Autor da proposta indecente, Vicente Cândido é considerado "petista orgânico" e tem, entre seus amigos, sócios da empresa de telefonia, que tem interesse em resolver a situação de multas superiores a 10 bilhões de reais

Por Rodrigo Rangel Materia seguir SEGUIR Materia seguir SEGUINDO 24 ago 2013, 10h02

No fim de 2008, uma canetada do então presidente Lula permitiu a compra da Brasil Telecom pela Oi, uma das mais complexas e questionadas transações do mercado brasileiro nos últimos tempos. A assinatura aposta por Lula no decreto que abriu caminho para o negócio foi justificada com um argumento repleto de ufanismo: era preciso criar um gigante nacional no setor de telecomunicações para competir em condições de igualdade com as concorrentes internacionais. A operação bilionária foi cercada de polêmica por outras razões. Primeiro, porque a Oi fechou o negócio graças a um generoso financiamento público. Além disso, a empresa tinha e tem entre seus controladores o empresário Sérgio Andrade, amigo do peito de Lula desde os tempos em que o petista era um eterno candidato a presidente. E a mesma Oi, três anos antes, investira 5 milhões de reais na Gamecorp, uma empresa até então desconhecida pertencente a um dos filhos do presidente. À parte as polêmicas, a supertele nacional não decolou como planejado e o discurso nacionalista logo caiu por terra – e com a ajuda do próprio petista, que meses antes de deixar o Planalto criou as condições para que a Portugal Telecom comprasse uma parte da companhia.

Com o passar do tempo, porém, a Oi perdeu valor de mercado, viu aumentar suas dívidas em proporções cavalares e hoje enfrenta sérias dificuldades para investir, o que para uma empresa do ramo de telecomunicações é quase como uma sentença de morte. O destino da companhia é motivo de preocupação para o governo e para o ex-presidente Lula. Em especial, pela possibilidade de o insucesso da empresa causar danos políticos às portas de uma campanha presidencial em que o PT pretende estender sua permanência no poder. Como explicar a ruína de um megaprojeto liderado pela maior estrela do partido e bancado em grande medida com dinheiro dos cofres públicos? Uma tarefa difícil, certamente. É legítimo que haja um esforço para ajudar uma empresa nacional. É legítimo que esse esforço também envolva agentes políticos. O que não é legítimo é a solução do problema passar por lobbies obscuros, negociatas entre partidos e até uma criminosa proposta de pagamento de propina a um servidor público em troca de uma ajuda à empresa – episódio que aconteceu no início do mês nas dependências do Congresso Nacional, em Brasília, envolvendo o deputado federal Vicente Cândido, do PT de São Paulo, e o conselheiro Marcelo Bechara, da Agência Nacional de Telecomunicações (Anatel).
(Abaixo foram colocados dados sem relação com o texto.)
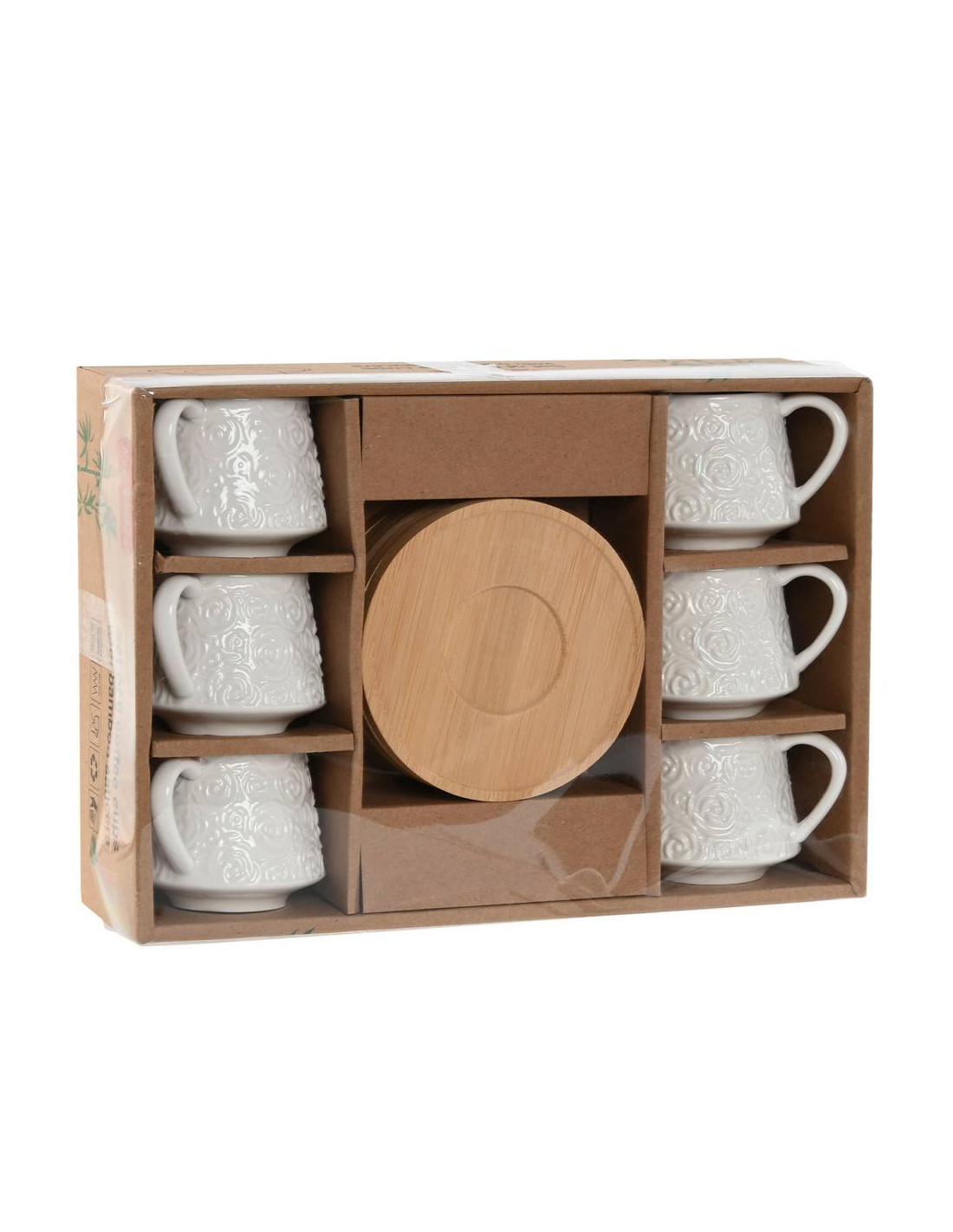 Set 6 tazzine caffè ROSES porcelana+bambu 8,6x6,6x5,7 90ml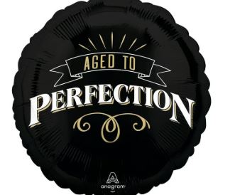 Double sided 18 inch foil balloon: "Limited Edition Happy Birthday" on one side, and "Aged to Perfection" on the other.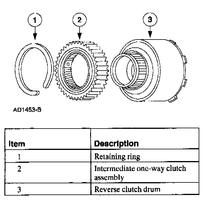 ^ The clutch must rotate counterclockwise when installed on the reverse clutch drum and will make a ratchet sound.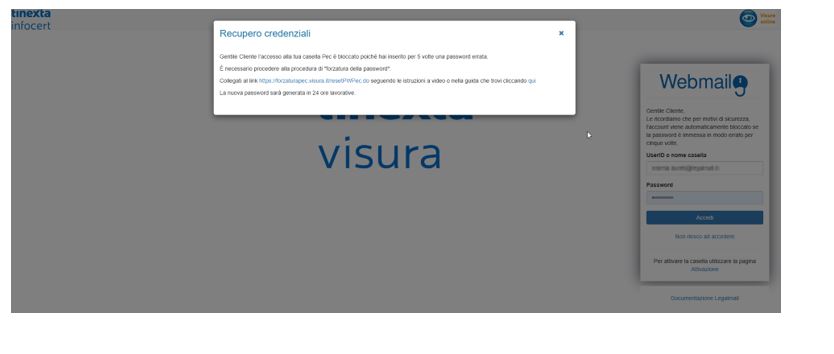 L’accesso alla Casella di Posta Elettronica Certificata viene bloccata quando per 5 volte è stata inserita una password errata.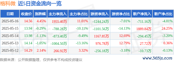 5月16日的资金流向数据方面,主力资金净流入1955.4万元,占总成交额11.01%,游资资金净流出1244.24万元,占总成交额7.01%,散户资金净流出711.16万元,占总成交额4.01%。

Indicado para o cargo pelo PMDB, em 6 de agosto Marcelo Bechara foi ao gabinete do deputado depois de receber um telefonema do parlamentar convidando-o para uma visita. Entre uma conversa e outra, Cândido engrenou o assunto principal: a cobrança de multas bilionárias aplicadas à Oi pela agência. Advogado por formação, Bechara é conhecido por sua capacidade de formatar soluções jurídicas para questões aparentemente insolúveis. Ele fora o relator de uma proposta que pode dar um alívio e tanto ao combalido caixa da empresa e que será debatida em breve no conselho diretor da Anatel. A proposta regulamenta a cobrança de multas aplicadas às companhias telefônicas. As da Oi, atualmente, somam mais de 10 bilhões de reais – uma cifra astronômica em todos os aspectos, ainda mais se comparada ao valor de mercado da companhia, estimado em menos de 8 bilhões de reais.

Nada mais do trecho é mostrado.